Future Stockholm Metro station

Årstafältet is a future underground station on the Yellow Line of the Stockholm Metro, expected to open in 2034. It will be situated in the new district of Årstafältet in southern Stockholm Municipality, between the planned stations Årstaberg and Östbergahöjden.

== Location and design ==
The station will be built 48 meters underground and will be accessed by six high-speed lifts connecting the street level with a mezzanine floor below street level. Along with the other new stations on the Yellow Line, Årstafältet will be equipped with platform screen doors.
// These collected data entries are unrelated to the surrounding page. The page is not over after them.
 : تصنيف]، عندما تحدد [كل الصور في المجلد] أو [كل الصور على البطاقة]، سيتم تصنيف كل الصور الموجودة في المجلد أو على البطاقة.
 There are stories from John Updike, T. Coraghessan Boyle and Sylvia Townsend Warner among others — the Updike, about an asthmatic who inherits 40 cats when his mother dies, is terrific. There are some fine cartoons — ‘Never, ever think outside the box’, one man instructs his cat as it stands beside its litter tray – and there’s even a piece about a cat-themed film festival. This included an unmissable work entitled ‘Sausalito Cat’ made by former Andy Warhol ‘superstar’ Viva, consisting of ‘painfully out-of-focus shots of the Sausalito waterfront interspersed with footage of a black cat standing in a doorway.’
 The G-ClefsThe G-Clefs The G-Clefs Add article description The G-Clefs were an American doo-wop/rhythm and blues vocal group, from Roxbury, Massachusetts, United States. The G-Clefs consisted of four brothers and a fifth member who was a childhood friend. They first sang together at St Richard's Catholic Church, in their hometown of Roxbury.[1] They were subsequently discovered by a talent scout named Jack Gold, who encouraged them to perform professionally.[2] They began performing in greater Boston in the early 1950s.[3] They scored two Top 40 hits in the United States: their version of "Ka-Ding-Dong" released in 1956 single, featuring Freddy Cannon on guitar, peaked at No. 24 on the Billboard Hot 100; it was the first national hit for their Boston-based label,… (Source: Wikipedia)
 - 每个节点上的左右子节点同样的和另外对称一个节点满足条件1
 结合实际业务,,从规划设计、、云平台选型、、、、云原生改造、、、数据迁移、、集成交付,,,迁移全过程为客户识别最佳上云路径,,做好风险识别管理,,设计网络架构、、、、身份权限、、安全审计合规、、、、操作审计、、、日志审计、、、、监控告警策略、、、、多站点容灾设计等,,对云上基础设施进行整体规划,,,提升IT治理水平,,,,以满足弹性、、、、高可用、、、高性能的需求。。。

Årstafältet metro station is a part of a broader urban development of a neighborhood in the Årstafältet area. The station entrance will be integrated into a new mixed-use block in the western part of Årstafältet, near a square and a park. The location will provide accessibility to the nearby Tvärbanan light rail stop, and to planned bus stops.
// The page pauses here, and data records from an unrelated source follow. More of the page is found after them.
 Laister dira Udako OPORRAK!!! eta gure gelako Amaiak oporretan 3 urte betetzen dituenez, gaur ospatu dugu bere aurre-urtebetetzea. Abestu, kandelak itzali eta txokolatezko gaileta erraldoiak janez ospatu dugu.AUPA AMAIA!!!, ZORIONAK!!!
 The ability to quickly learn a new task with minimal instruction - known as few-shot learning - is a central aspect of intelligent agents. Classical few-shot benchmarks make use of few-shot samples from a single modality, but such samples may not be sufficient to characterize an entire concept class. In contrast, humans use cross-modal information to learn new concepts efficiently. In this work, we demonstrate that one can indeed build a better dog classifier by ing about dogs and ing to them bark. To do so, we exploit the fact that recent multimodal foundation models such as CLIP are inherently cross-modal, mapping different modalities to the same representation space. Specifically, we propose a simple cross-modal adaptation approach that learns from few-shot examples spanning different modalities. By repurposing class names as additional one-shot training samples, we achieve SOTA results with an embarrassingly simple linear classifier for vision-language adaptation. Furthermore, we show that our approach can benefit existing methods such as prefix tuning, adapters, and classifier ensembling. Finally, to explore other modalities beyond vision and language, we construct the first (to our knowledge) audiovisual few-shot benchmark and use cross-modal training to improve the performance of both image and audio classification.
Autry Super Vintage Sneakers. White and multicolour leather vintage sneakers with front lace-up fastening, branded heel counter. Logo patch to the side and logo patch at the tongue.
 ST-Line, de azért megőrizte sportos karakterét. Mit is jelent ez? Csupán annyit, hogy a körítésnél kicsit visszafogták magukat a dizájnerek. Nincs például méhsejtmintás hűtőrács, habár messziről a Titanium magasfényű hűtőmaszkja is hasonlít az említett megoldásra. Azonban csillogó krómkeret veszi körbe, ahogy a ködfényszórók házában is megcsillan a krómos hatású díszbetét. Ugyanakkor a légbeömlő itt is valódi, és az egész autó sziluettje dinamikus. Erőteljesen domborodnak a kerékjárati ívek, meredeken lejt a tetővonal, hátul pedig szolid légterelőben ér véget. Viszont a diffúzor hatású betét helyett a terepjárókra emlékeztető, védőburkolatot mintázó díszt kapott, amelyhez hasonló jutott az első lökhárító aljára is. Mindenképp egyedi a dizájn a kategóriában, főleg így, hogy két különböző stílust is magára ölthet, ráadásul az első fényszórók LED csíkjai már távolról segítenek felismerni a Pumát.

Travel time will be approximately 6.5 minutes to Fridhemsplan and 3.5 minutes to Älvsjö.

== Construction ==
Construction of the station is part of the Yellow Line extension between Fridhemsplan and Älvsjö. Construction is expected to begin in late 2025, starting with utility relocation before major excavation work begins. The entire Yellow Line is projected to be operational by 2034. WSP has been contracted to prepare the construction documents for the station.